Introduction into how bio-sensors based on slime mould work

Slime mould is a giant single celled organism which physically moves through oscillating muscular contractions in the tubular structures which form the majority of its body.

Monitoring the electrical characteristics associated with their muscular contractions allows the organism’s condition to be known (in ‘real’ time). This can be achieved in practice by enouraging the mould to grow across electrodes. Click on image below to watch slime mould grow between electrodes.

The electrodes are connected to electronics which amplify the organism’s electrical characteristics for analysis. The PhySense project has developed low cost electronics and simple to use analysis software to enable everyone to do their own experiments.

The PhySense software calculates and tracks any changes in the frequency and amplitude of oscillation. The results are graphically display for easy interpretation. For example, in steady conditions the frequency of oscillation remains roughly constant, see sketch below.

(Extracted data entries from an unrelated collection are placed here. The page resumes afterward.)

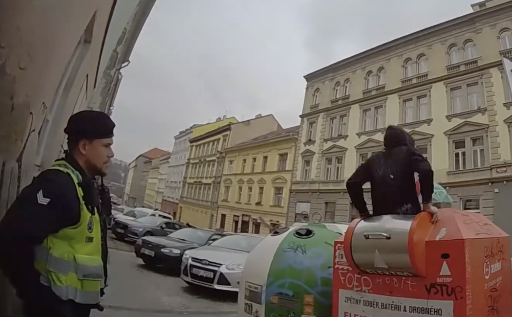 VIDEO: Muž se celý nasoukal do kontejneru, lovil z něj elektroodpad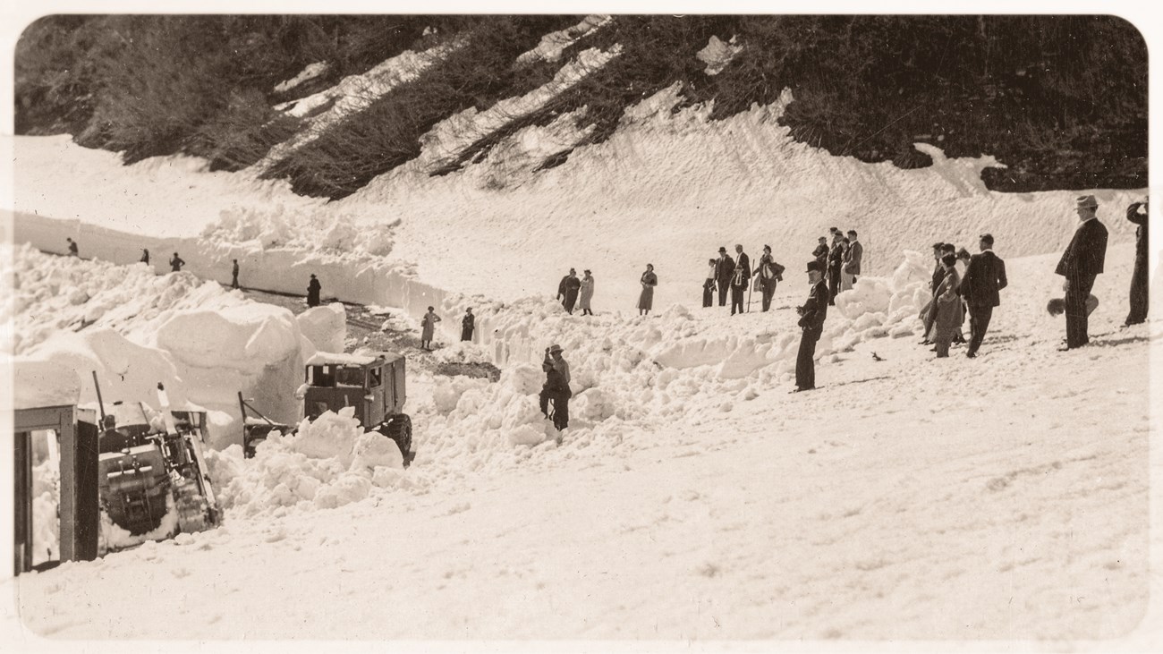 This image was taken by an unknown photographer in 1938, showing that the literal uphill battle of plowing snow off Going-to-the-Sun Road has been a much-watched harbinger of spring here for nearly a century.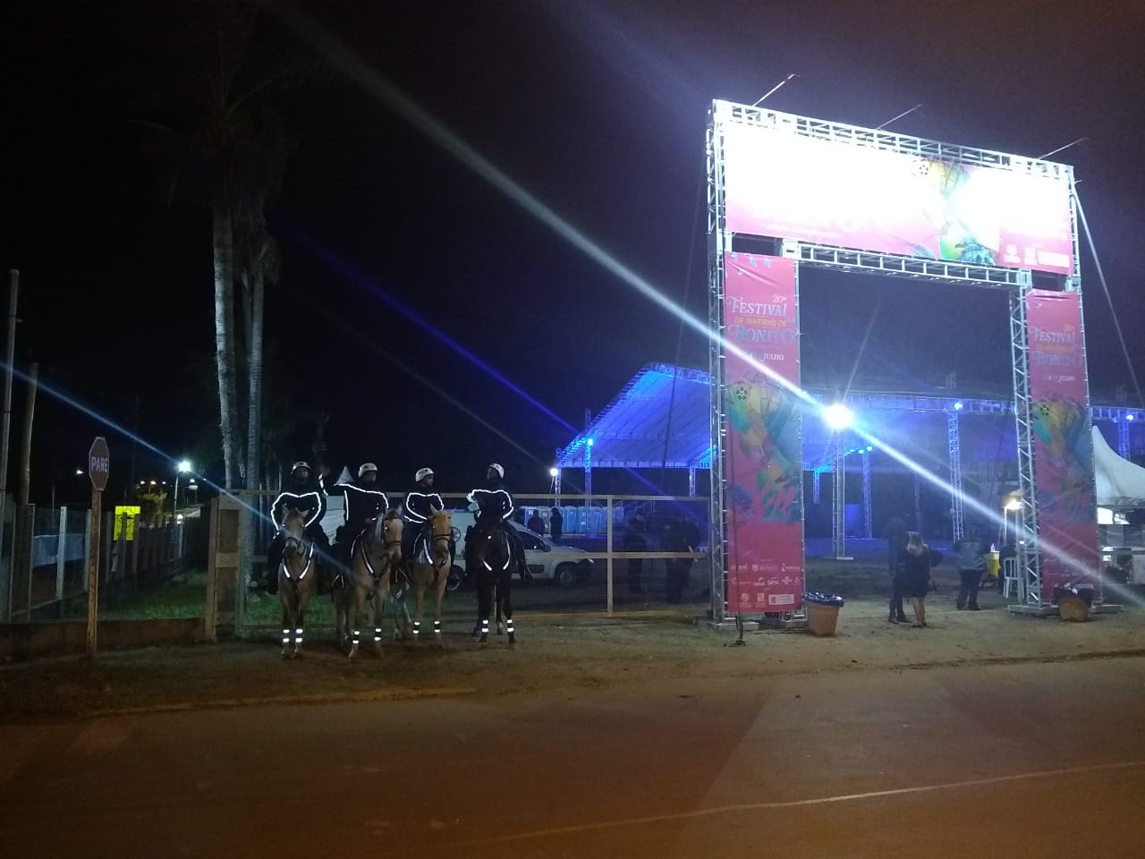 A policia militar aplicou um policiamento no evento com emprego de viaturas de quatro rodas, motocicletas, equipe tático móvel, equipe de cavaleiros da cavalaria. Para aplicação deste policiamento e com propósito de garantir a segurança do público do festival, a 1ªCIPM de Bonito contou com reforço de policiais e mais uma equipe policial com cavalos, vindos de outras unidades militares.
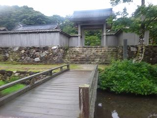 車は資料館の駐車場に停めさせていただいて、歩き始める。ここにはかつて多数の僧房が存在していたようで、その跡の空き地があちこちにある。中でも大宮坊は、いかにも城館的な造りである。前面には水堀を配置し、周囲を石垣で固めている。山門も城門と呼ぶのにふさわしいものである。実際、城館的な要素を持って用いられていたものではないかと考えられる。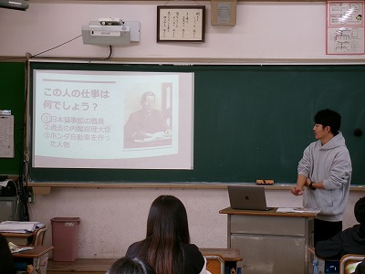 その後は、愛西市消防署の方に水消火器の使い方を教えていただきました。6年生が代表で実際に水消火器の体験を行いました。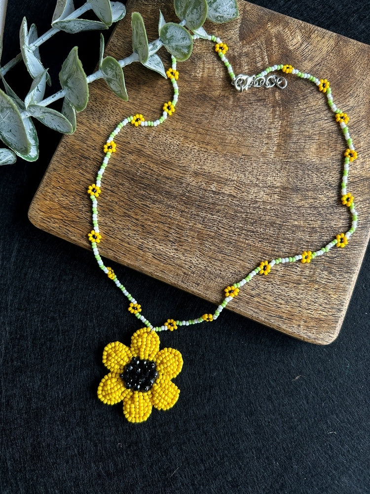 Spring Bloom Sunflower Handmade Beaded Necklace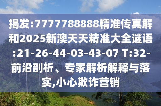 揭發(fā):7777788888精準(zhǔn)傳真解和2025新澳天天精準(zhǔn)大全謎語:21-26-44-03-43-07 T:32-前沿剖析、專家解析解釋與落實,小心欺詐營銷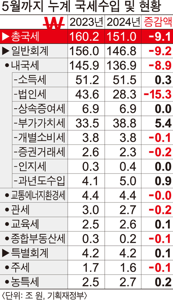 정부는 올해 세수를 367조 3000억 원으로 예상했다. 그런데 정부가 지난달 말 발표한 ‘2024년 5월 국세 수입 현황’에서 5월 말 누적 기준 세수는 151조 원으로 지난해 같은 기간(160조 2000억 원)보다 보다 9조 1000억 원 적게 걷혔다. 지방교부세 재원인 내국세도 8조 9000억 원 감소해 석 달 연속 세수 결손이 발생했다. 감소액이 가장 큰 세목은 법인세였다. 4월 12조 8000억 원 감소에 이어 5월에도 2조 5000억 원이 추가로 줄어 올해 총 15조 3000억 원이 누적 감소했다.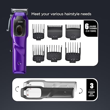 - 【What's Included】- The cordless barber clippers It comes with 6 good quality guide comb, 1 cleaning brush and a comb, 2 hair stickers,1charging cable and cordless charging device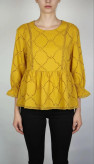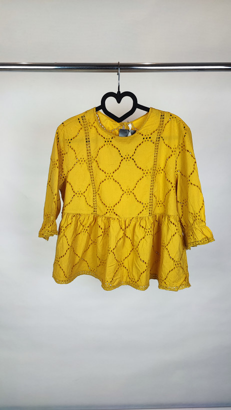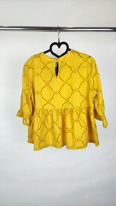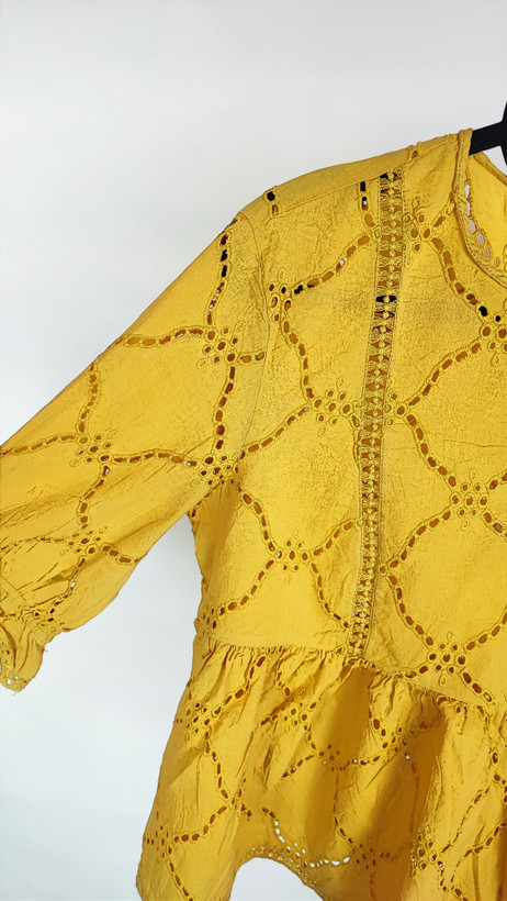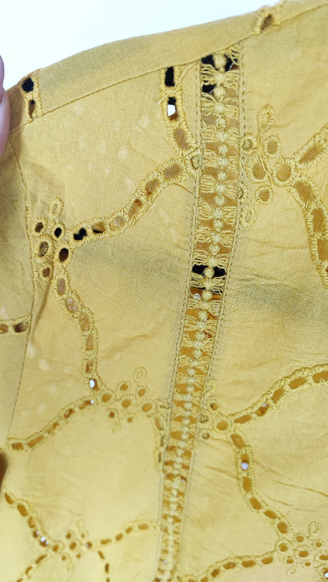 شومیز زنانه استوک خامهدوزی کد ۱۵۸۹ | شومیز زرد آستین سهربع سایز ۴۰‑۴۲

However, if the organism is stimulated (for example, food added) the frequency of oscillation may increase, see sketch below.

Conversely, if the organism is exposed to something toxic the frequency of oscillation may decrease, see sketch below.

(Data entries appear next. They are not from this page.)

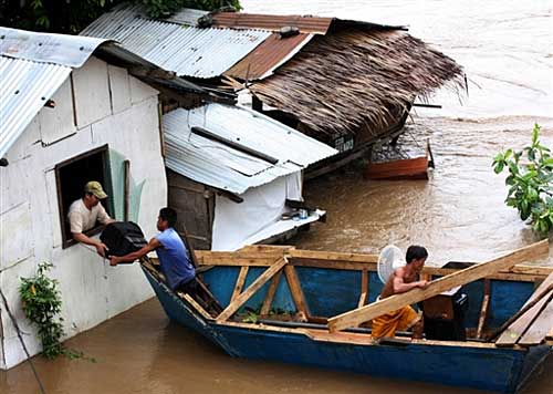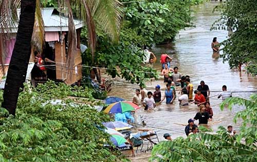 菲律宾南部暴雨引发洪水,约5千家庭受到影响,1月3日,大批居民撤离受灾地区,被转移到安全地带。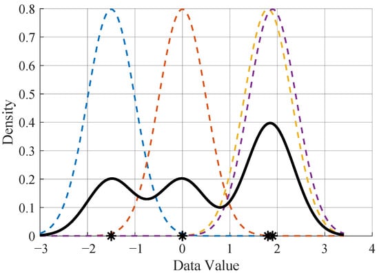This paper aims to modify the trend of the fitted curve by utilizing the spatial distribution of the data, so that the trend is not only to satisfy the minimum mean RER, but also to be closer to the trend direction in the data. Therefore, this study adopts Gaussian kernel density estimation to create a continuous probability density function, because of its non-parametric nature, that is, it does not make any specific assumptions about the underlying distribution of the data. This function leverages the normal distribution’s probability density to smoothly disperse the influence of each data point to surrounding areas, with closer points receiving higher weights, as shown in Figure 3. Ultimately, by integrating discrete data values with spatial distance relationships through Gaussian kernel density estimation, the spatial density assessment is completed.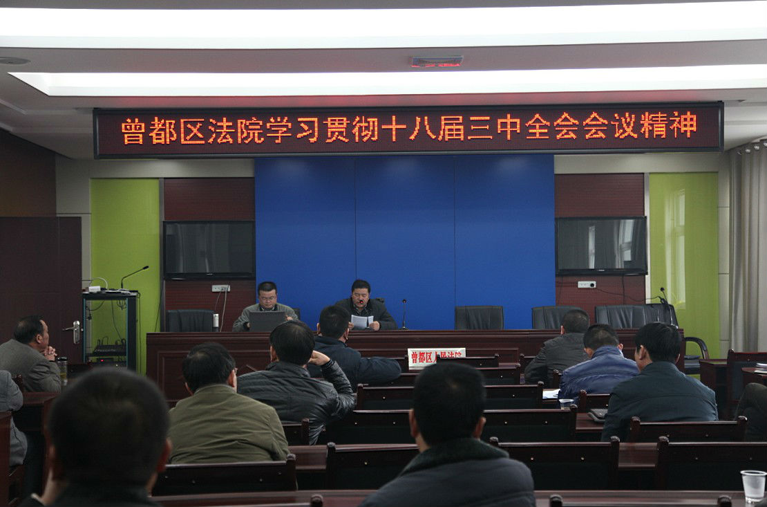 12月12日下午,曾都区法院组织全院干警认真学习贯彻十八届三中全会会议公报,贯彻落实十八届三中全会精神,会上还宣读了《党政机关厉行节约反对浪费条例》和通报了省高院警务督察报告。

Being a living organism the slime reacts to most things, for example: light, vibration, etc. Participants are provided with example experiments but free to be creative by trying their own experiments with PhySense technology.

Photos, videos, measurements, etc can be uploaded to shared database.

The PhySense team will analyse the data stored in the database for buried knowledge which might not be visible from analysis of measurements from single experiment.

The acquired knowledge will help to make a better future for everyone.